● Records excerpted from a collection
--- START ---

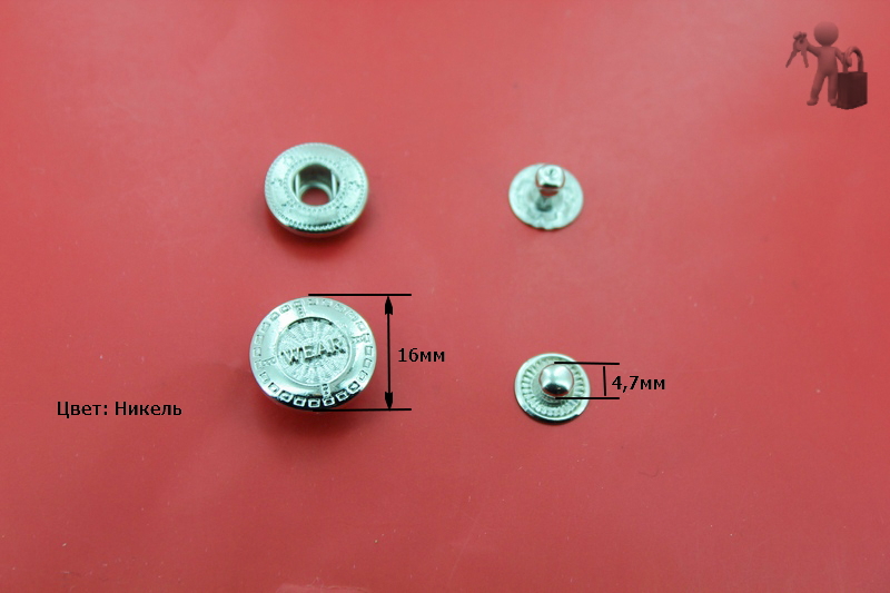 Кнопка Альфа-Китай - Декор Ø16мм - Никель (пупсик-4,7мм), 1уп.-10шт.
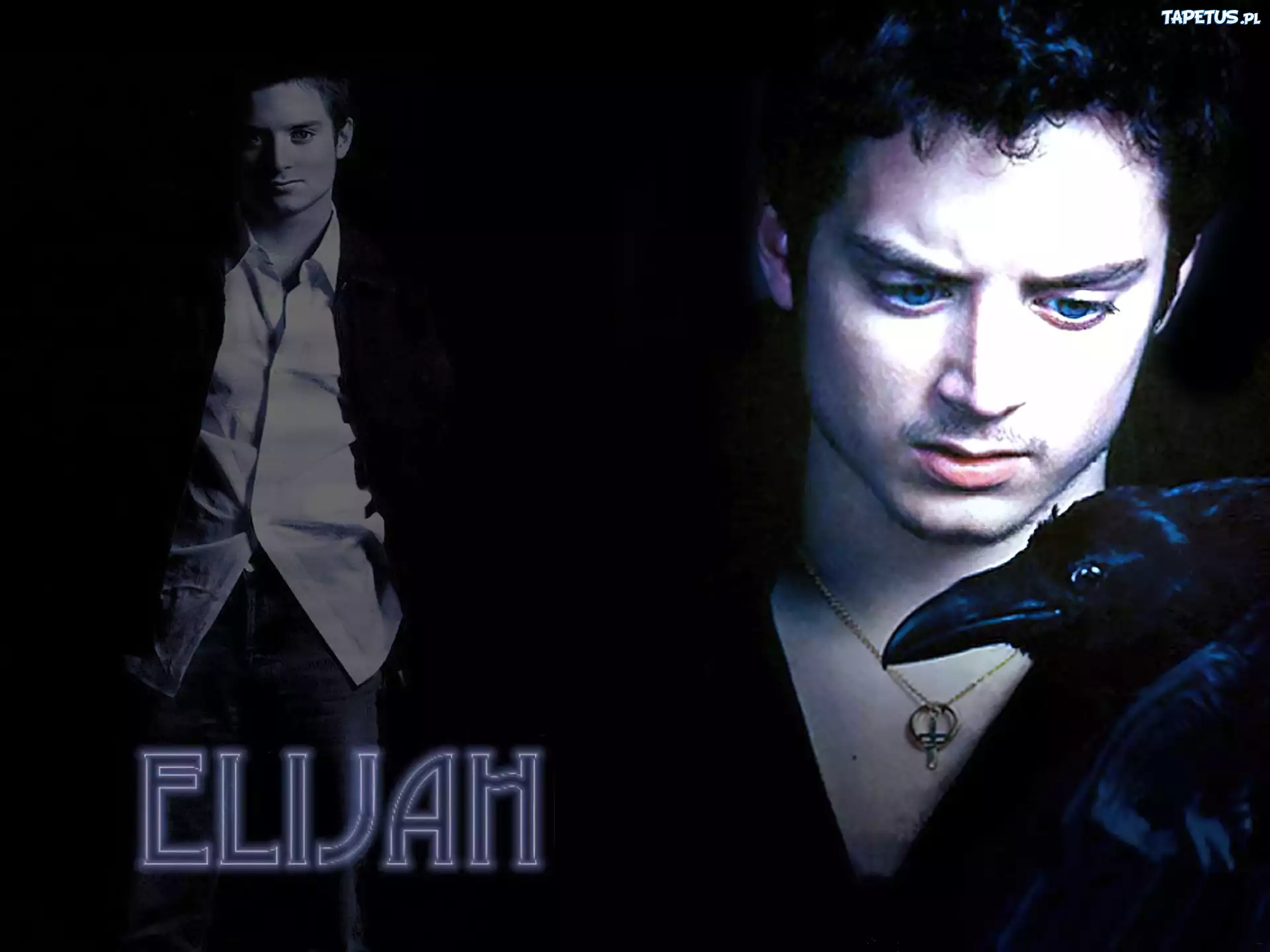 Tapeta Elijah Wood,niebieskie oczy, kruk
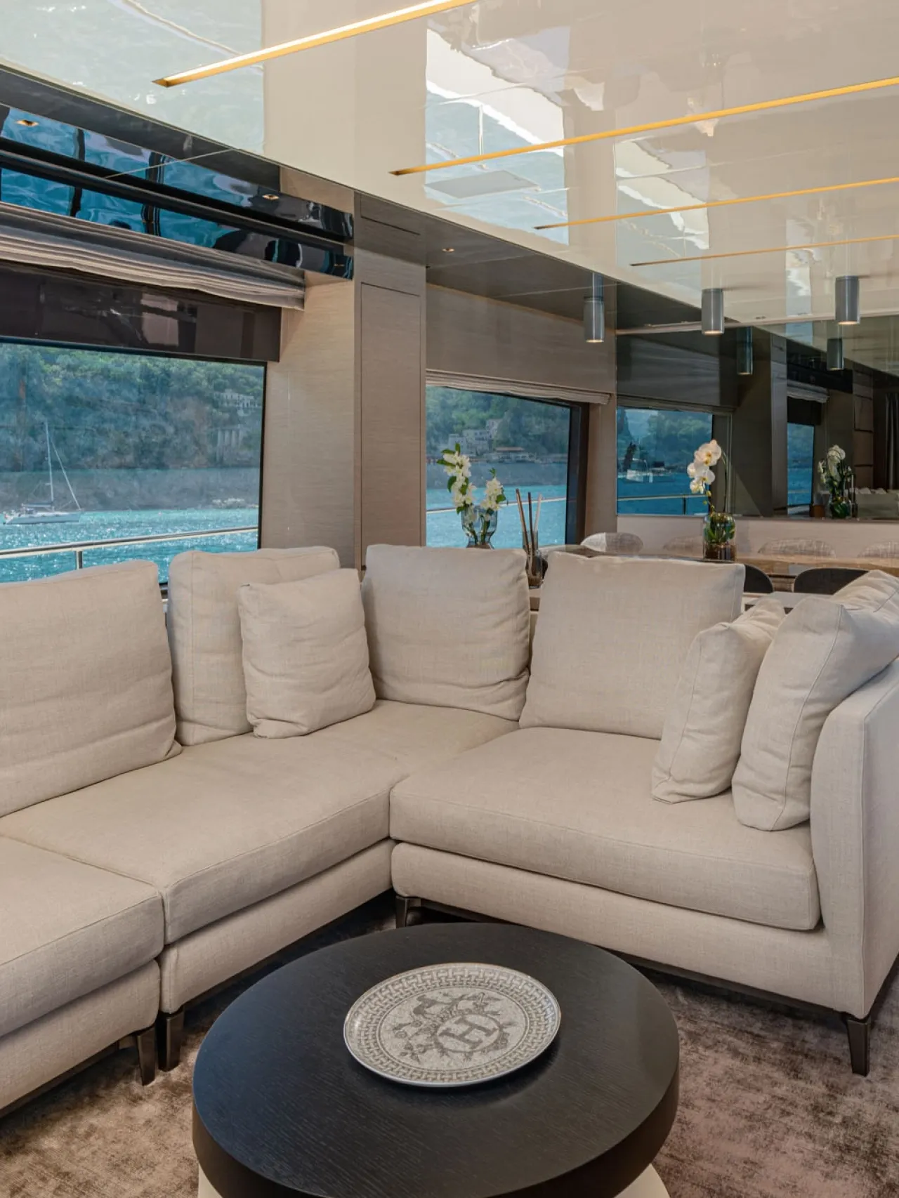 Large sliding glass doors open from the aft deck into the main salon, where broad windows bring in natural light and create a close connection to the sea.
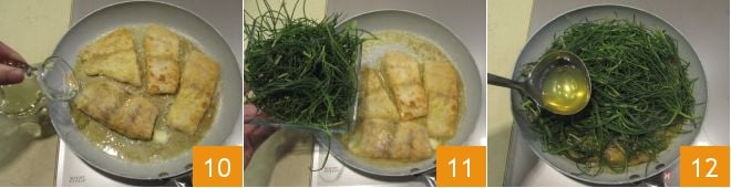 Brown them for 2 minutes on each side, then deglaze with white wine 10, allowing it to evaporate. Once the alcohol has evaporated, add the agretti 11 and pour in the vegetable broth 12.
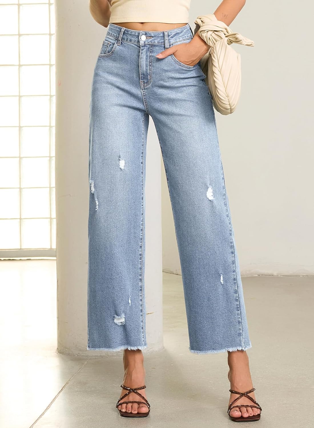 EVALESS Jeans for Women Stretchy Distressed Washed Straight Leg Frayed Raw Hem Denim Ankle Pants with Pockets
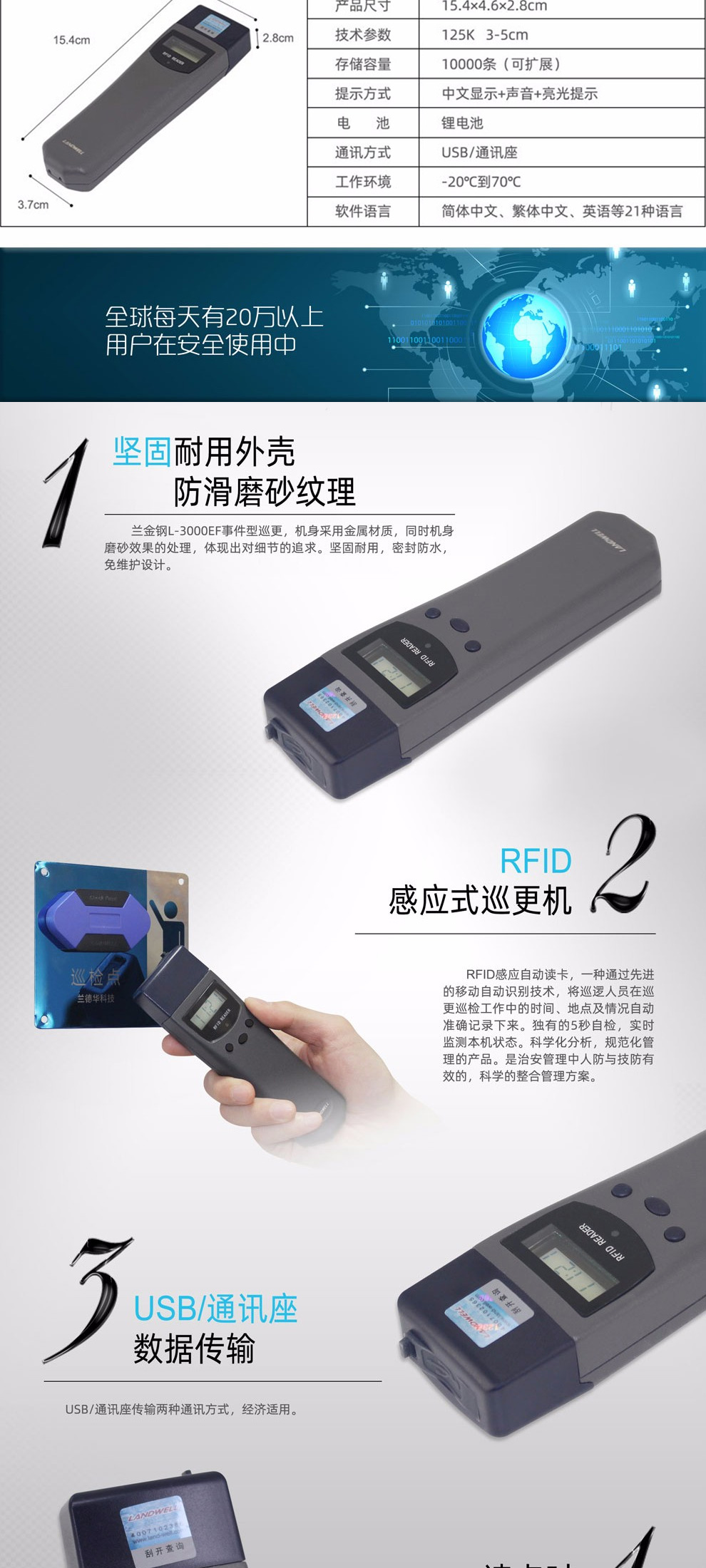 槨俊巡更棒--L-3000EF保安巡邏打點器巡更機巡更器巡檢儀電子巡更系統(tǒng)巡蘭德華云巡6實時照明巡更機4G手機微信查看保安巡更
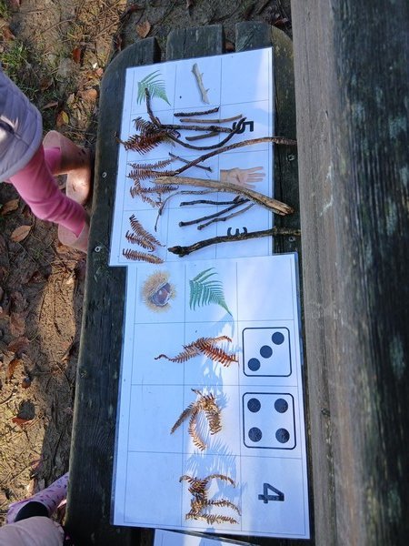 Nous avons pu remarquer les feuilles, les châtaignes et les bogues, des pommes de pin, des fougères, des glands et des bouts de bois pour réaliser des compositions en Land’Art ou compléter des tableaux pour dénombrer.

--- END ---

● EXERCISE PROMPT
Only the lines from the one containing "Large sliding glass" through the final line of the data are to be written out, exactly as they stand and without pictures.

● SOLUTION TO THE EXERCISE
 Large sliding glass doors open from the aft deck into the main salon, where broad windows bring in natural light and create a close connection to the sea.
 Brown them for 2 minutes on each side, then deglaze with white wine 10, allowing it to evaporate. Once the alcohol has evaporated, add the agretti 11 and pour in the vegetable broth 12.
 EVALESS Jeans for Women Stretchy Distressed Washed Straight Leg Frayed Raw Hem Denim Ankle Pants with Pockets
 槨俊巡更棒--L-3000EF保安巡邏打點器巡更機巡更器巡檢儀電子巡更系統(tǒng)巡蘭德華云巡6實時照明巡更機4G手機微信查看保安巡更
 Nous avons pu remarquer les feuilles, les châtaignes et les bogues, des pommes de pin, des fougères, des glands et des bouts de bois pour réaliser des compositions en Land’Art ou compléter des tableaux pour dénombrer.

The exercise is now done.